In the specific content determination program according to claim 8,
The extraction means extracts a comment posted to the article from a web page on which the posted article is posted,
The computer,
Classification means for classifying each extracted comment according to the content indicated by the comment, and
Setting means for setting a threshold of appearance frequency, and setting means for decreasing the threshold as the number of the contents into which the comment is classified increases.
Further function as
The calculating means calculates the appearance frequency of each of the contents in which the comment is classified in a Web page,
The determination unit determines that the content whose appearance frequency calculated by the calculation unit is equal to or less than the set threshold is content specific to the Web page.

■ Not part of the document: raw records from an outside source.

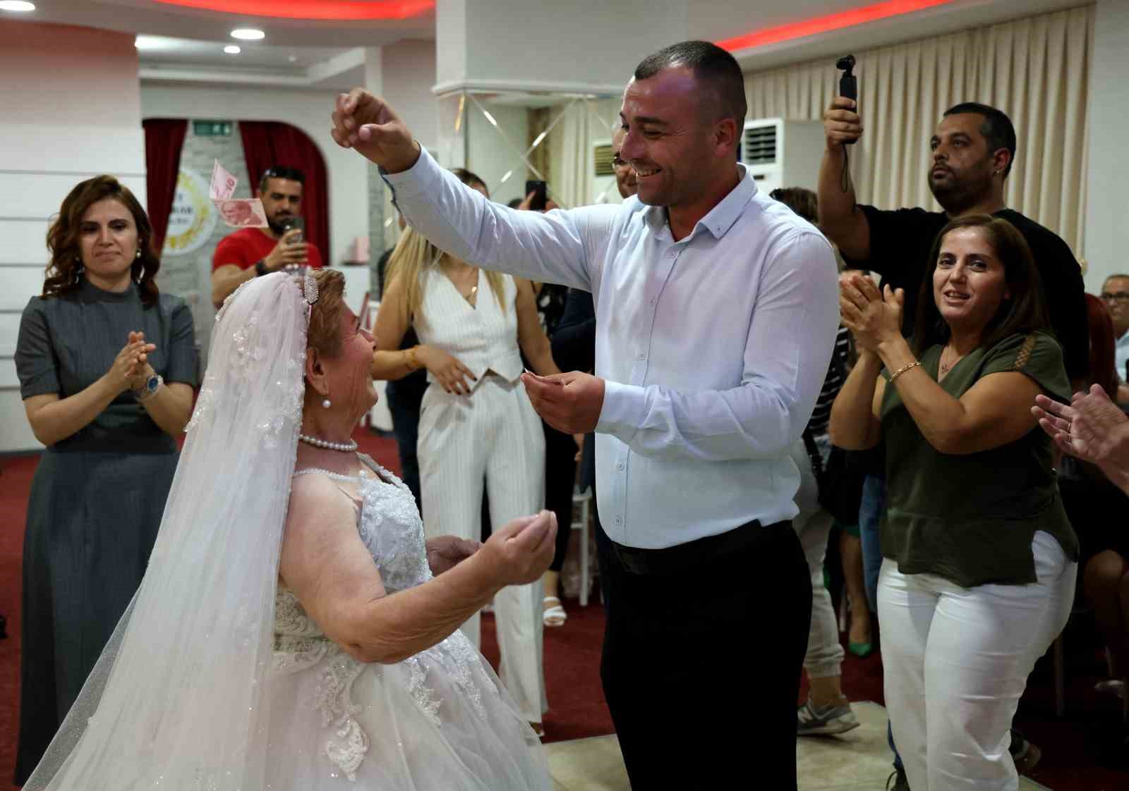 Adana’da yıllar önce platonik aşkıyla evlenemeyince bir daha hiç evlenmeyen 83 yaşındaki kadının gelinlik giyip düğün yapma hayali gerçeğe dönüştü. Temsili yapılan düğünde yaşlı kadının mutluluğu gözlerinden okundu.
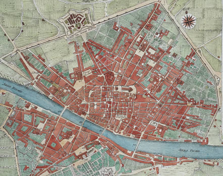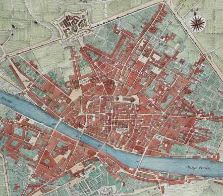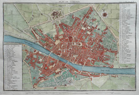 Rare and detailed copper engraved plan of Florence from Voyage en Italie by LALANDE, J. J. DE..
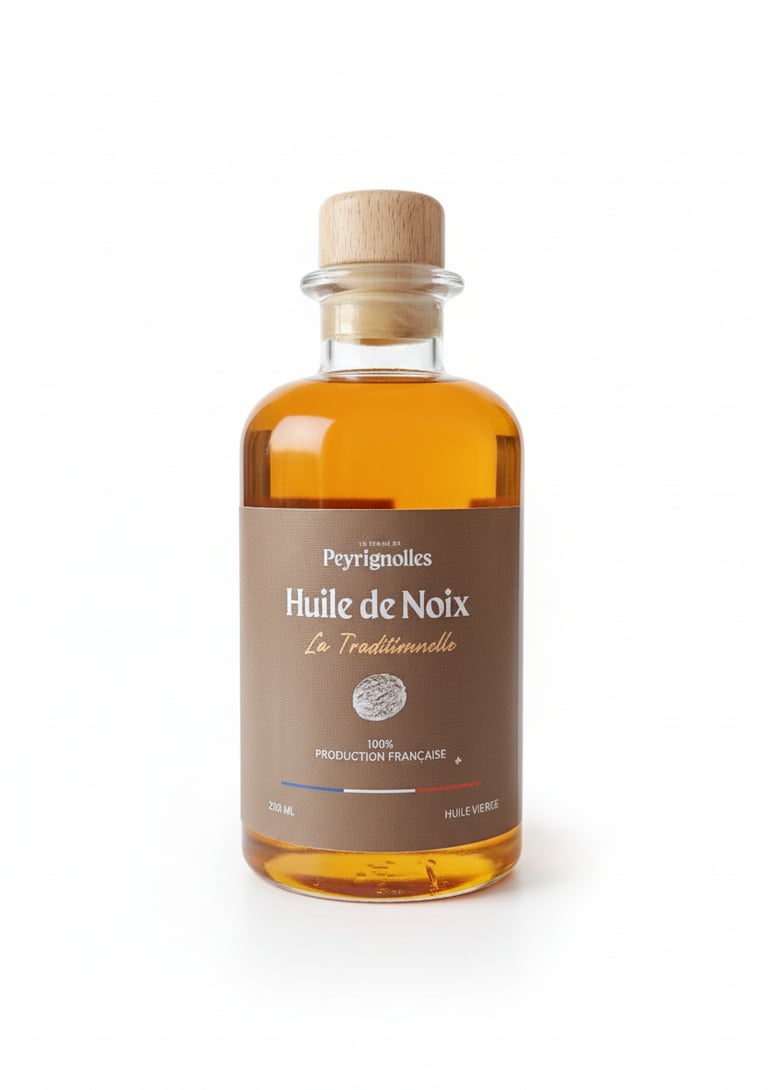 Huile de noix du Périgord au caractère affirmé.
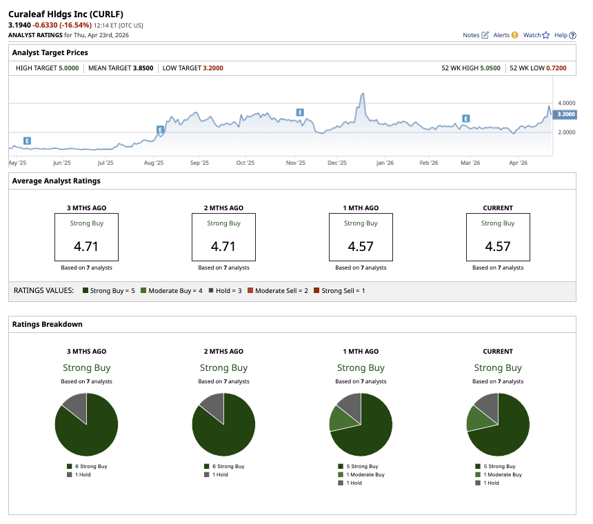 Overall, CURLF stock is a consensus “Strong Buy" on Wall Street. Out of the seven analysts covering the stock, five rate it as a “Strong Buy,” one analyst has a “Moderate Buy,” and one has a “Hold" rating.
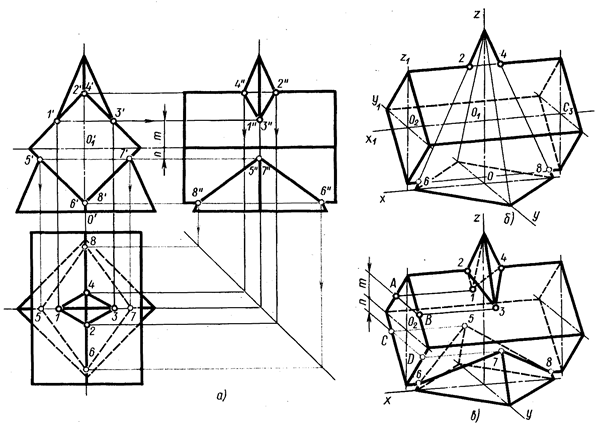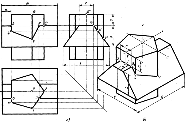 Рис. 66. На рисунке 67 показано построение проекции и изометрии линий пересечения поверхностей двух призм. На рисунке 68 показано построение проекции и диметрии линий пересечения поверхностей четырехугольной призмы с четырехугольной пирамидой.
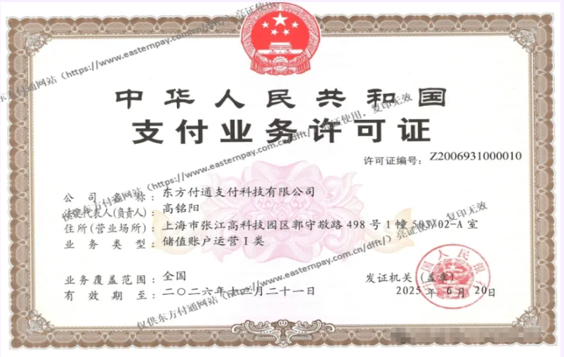 (上图为东方付通支付许可证)
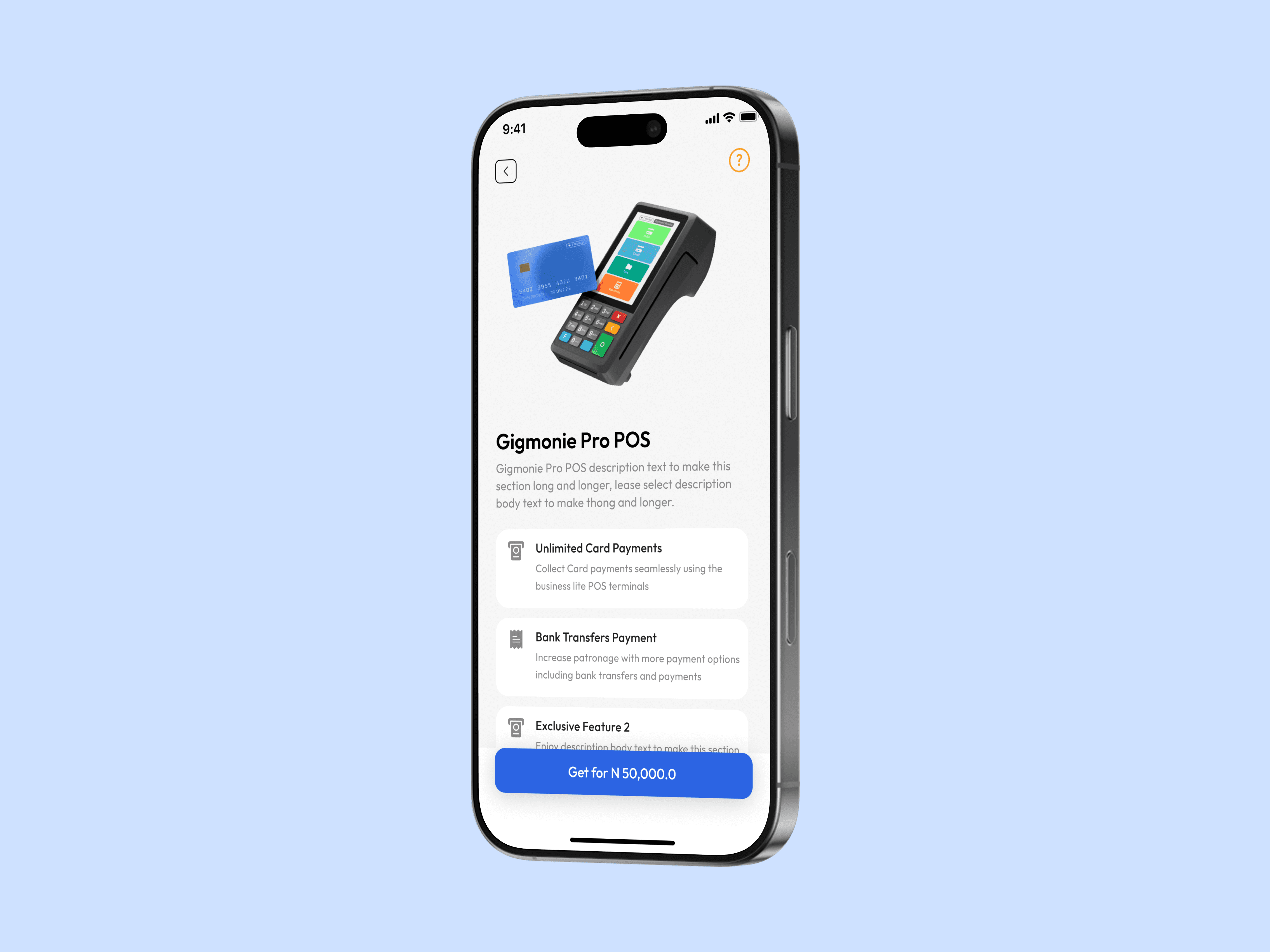 Product design work on the Gigmonie app, improving everyday money management for businesses.

The specific content determination device according to any one of claims 1 to 5,
Insertion means for inserting related content related to content determined to be specific content by the specific content determination device into the specified web page;
A related content insertion device comprising:

The related content insertion device according to claim 10,
When the specific content determination device includes text data of a posted article as content constituting the designated web page, the text data is content specific to the web page. Judgment,
Feature word extraction means for extracting feature words of the designated web page from text data of an article determined to be unique content by the unique content determination device;
Selecting means for selecting, as the related content, content related to the extracted feature word from a plurality of contents stored in the storage means in association with each word;
Further comprising
The related content insertion apparatus, wherein the insertion means inserts the selected related content into the designated Web page.